There’s a great article on this subject called Failover Cluster Node Startup Order in Windows Server 2012 R2. When you read this you’ll notice that the disk witness has an advantage in some scenarios when it comes to the capability to keep a cluster running and started. With a file share or cloud witness you might have to use -forcequorum to get the cluster up if the last node to be shut down can’t be started the first. Sure these are perhaps less common or “edge” scenarios but still. There’s a very good reason why the dynamic vote and dynamic witness have been introduced and it makes the cluster a lot more resilient. A disk witness can go just a little further under certain conditions. But as it’s not suited for all scenarios (stretched cluster) we have the other options.

Heed my warnings!

The cluster DB resides in multiple places on each node in both files and in the registry. It is an extremely bad idea to mess round in the Cluster and 0.Cluster registry hives to clean out “cluster objects”. You’re not touching the CLUSDB file that way or the PaxosTag used for replicating changes and things go bad rather quickly. It’s a bad situation to be in and for a VM you tried to remove that way you might see:

  • You cannot live or quick migrate that VM. You cannot start that VM. You cannot remove that VM from the cluster. It’s a phantom.
  • Even worse, you cannot add a node to the cluster anymore.
  • To make it totally scary, a server restart ends up with a node where the cluster service won’t start and you’ve just lost a node that you have to evict from the cluster.
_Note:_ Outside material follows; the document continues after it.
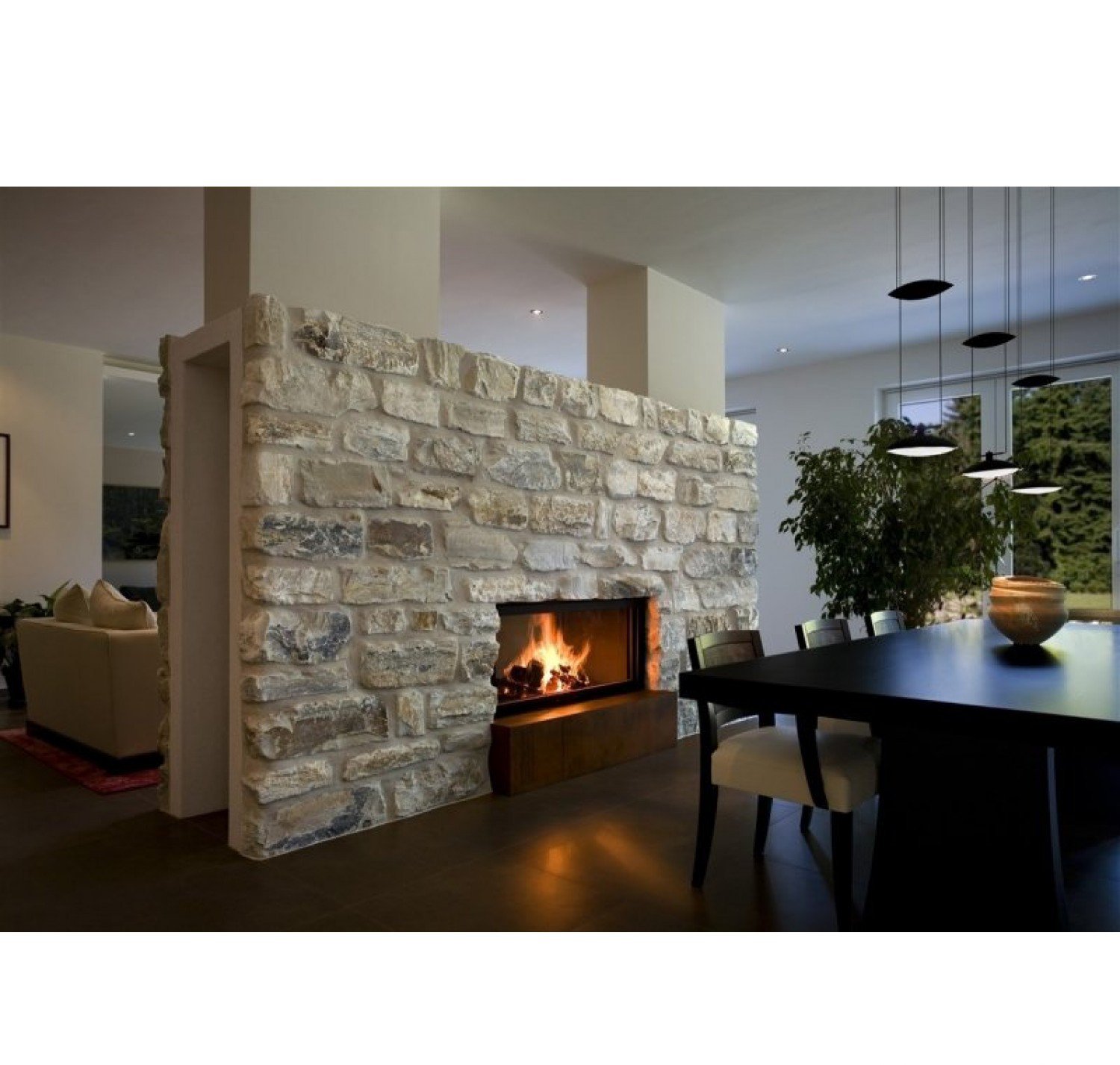 Двухсторонняя каминная топка с прямым стеклом. Топочная камера футерована шамотом. Подъёмный механизм двери (система Easy-Lift) с одной стороны. С другой стороны дверца откидывается для чистки. Ширина дверки 981 мм. Высота дверки 422 мм. Возможно подключение воздуха извне.

I have luckily only seen a few situations where people had registry corruption or “cleaned out” the registry of cluster objects they wanted to get rid of. This is a nightmare scenario and it’s hard, if even possible at all, to recover from without backups. So whatever pickle you get into, cleaning out objects in the Cluster and/or 0.Cluster registry hive is NOT a good idea and will only get you into more trouble.

Heed the warnings in the aging but still very relevant TechNet blog Deleting a Cluster resource? Do it the supported way!

I have been in very few situations where I managed to get out of such a mess this but it’s a tedious nightmare and it only worked because I had some information that I really needed to fix it. Once I succeeded with almost no down time, which was pure luck. The other time cluster was brought down, the cluster service on multiple nodes didn’t even start anymore and it was a restore of the cluster registry hives that saved the day. Without a system state backup of the cluster node you’re out of luck and you have to destroy that cluster and recreate it. Not exactly a great moment for high availability.

If you decide to do muck around in the registry anyway and you ask me for help I’ll only do so if it pays 2000 € per hour, without any promise or guarantee of results and where I bill a minimum of 24 hours. Just to make sure you never ever do that again.